# Dreiecke Berechnen



## java_noob (17. Dez 2009)

Guten tag allerseits!

Ich bin student und schreibe am Dienstag meine Klausur über Java. 
Ich habe wie immer früh angefangen zu lernen :lol: und stehe gerade vor fogendem Problem.

Die Aufgabe besteht darin 3 Seiten eines Dreieckes eingeben zu können. Diese sollen als erstes überprüft werden ob es überhaupt ein Dreieck ergibt. Wenn nicht dann soll eine Fehlermeldung erscheinen und dem Benutzer soll wieder die Möglichkeit gegeben werden neue Werte einzugeben. 
Wenn die eingegebenen Werte ein Dreieck ergeben sollen die Winkel und der Flächeninhalt berechnet werden. Die Formalen dafür gibt er uns vor.

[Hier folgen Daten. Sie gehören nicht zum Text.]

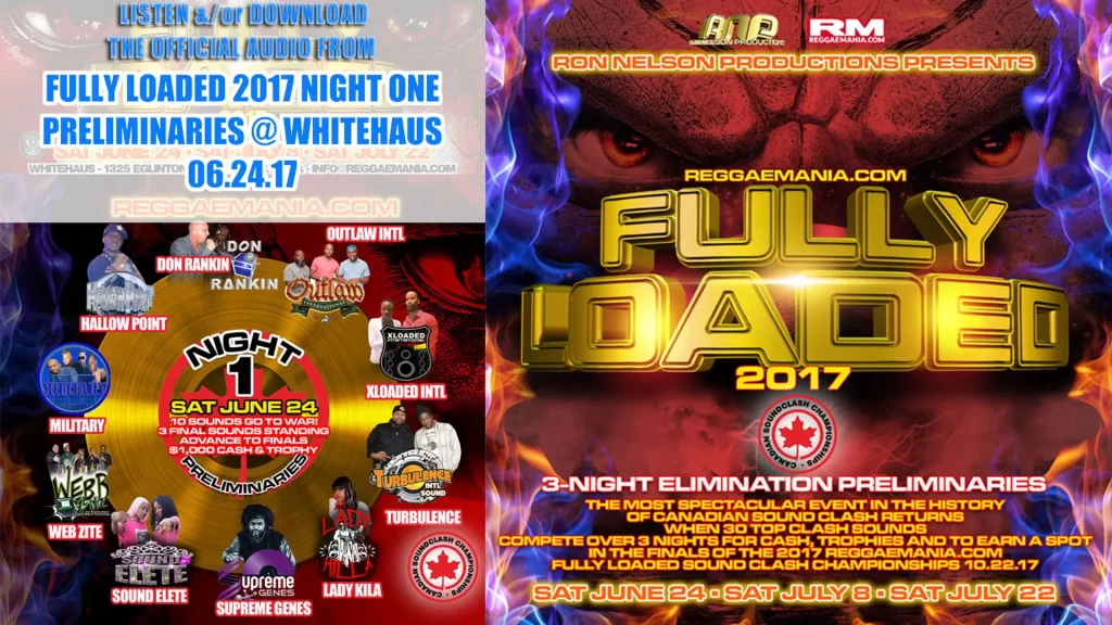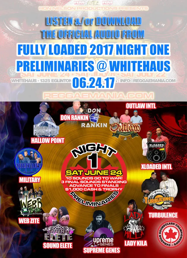 Listen &/or Download Night One of the ReggaeMania.com Fully Loaded Sound Clash Eliminations 06.24.17. Part One of this spectacular 3-night Ron Nelson Production event took place inside Mississauga’s Whitehaus and featured Don Rankin, X-Loaded, Webzites, Outlaw, Military, Turbalance, Hallow Point, Sound Elite, and Supreme Genes clashing for the Night One Trophy and a cool $1,000 Cash. The top 3 Sounds from Night One, Two and Three, along with a 10th ‘wildcard’ sound (based on points awarded by judges) live to Clash again on Saturday October 21st 2017 at the Fully Loaded Finals.

Der Punkt das die Variablen überprüft werden funktioniert und falls sie keins ergeben erscheint auch die Fehlermeldung mit erneuter möglichkeit neue werte einzugeben.
Nur die Berechnung der Winkel und des Flächeninhaltes funktionieren nicht.
JConsole sollen wir benutzen. Ist eine Oberfläche (wenn man das so nennt) die hier wohl ein Prof an der Fh erstellt hat. 

Besten Dank schonmal für die Hilfe.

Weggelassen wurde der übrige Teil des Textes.